The fault undoubtedly falls into the lap of Steve Jobs and his iTunes payment system. As most industry experts—or just keen observers—will tell you, Apple truly likes to be in control of whatever “partnership” they enter into. Scared to commit to that sort of “abusive” relationship, many media companies have said a pleasant “No thank you.” Last week we reported that Apple is trying to revive “old media” like TV and claim more weathered channels such as NBC, ABC, and CBS for its tablet—well, it looks like this week it’s those older media outlets that are rejecting Apple’s revival, because they’re been around long enough to see the beating music labels have taken at the company’s hands.

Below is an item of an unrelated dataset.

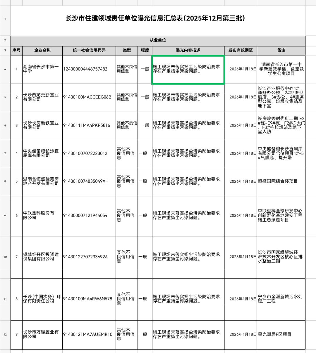 湖南日报·新湖南客户端12月20日讯(记者 王文)今日,长沙市住建局发布2025年12月第三批住建领域责任单位曝光信息,9个项目因施工现场未落实扬尘污染防治要求被集中通报,其中包括湖南省长沙市第一中学新建教学楼、食堂及学生公寓项目等重点工程。

As the New York Times reported today, Apple sold lots of music but completely destroyed the concept of the album and damaged recording labels’ already deteriorating bottom lines. Senior Editor of Playboy’s Technology and Lifestyle sections, Scott Alexander, says that even though television magnates might be scared of the big bad Jobs, however, more desperate magazine publishers are throwing themselves at his feet.
“Everyone should be a little wary of Apple,” says Alexander. “Steve Jobs is a shark and an incredible businessman—what he did with the music industry is genius, but in a way that should make people a little uncomfortable.”
Alexander says he thinks most magazine publishers are seeing the Apple tablet as a “life raft,” but he fears that Apple will be extremely selective with its content providers, even if the company is getting rejected by the ones it really wanted. But all of that may change—a couple industry insiders predict this new device may sway judgment due to its popularity alone. “Apple has sex appeal with its products,” says John Sutter, Technology Reporter for CNN.com. “They release products that are mysterious and unnecessary, but all of a sudden a new device comes out and everyone thinks they need it.”
The influence that Apple has over the market—whether it’s over tablets, eReaders, or even the music industry—is palpable. We’ll see tomorrow how this whole thing plays out, and, perhaps more importantly, what media content providers are now resting securely under Apple’s wing.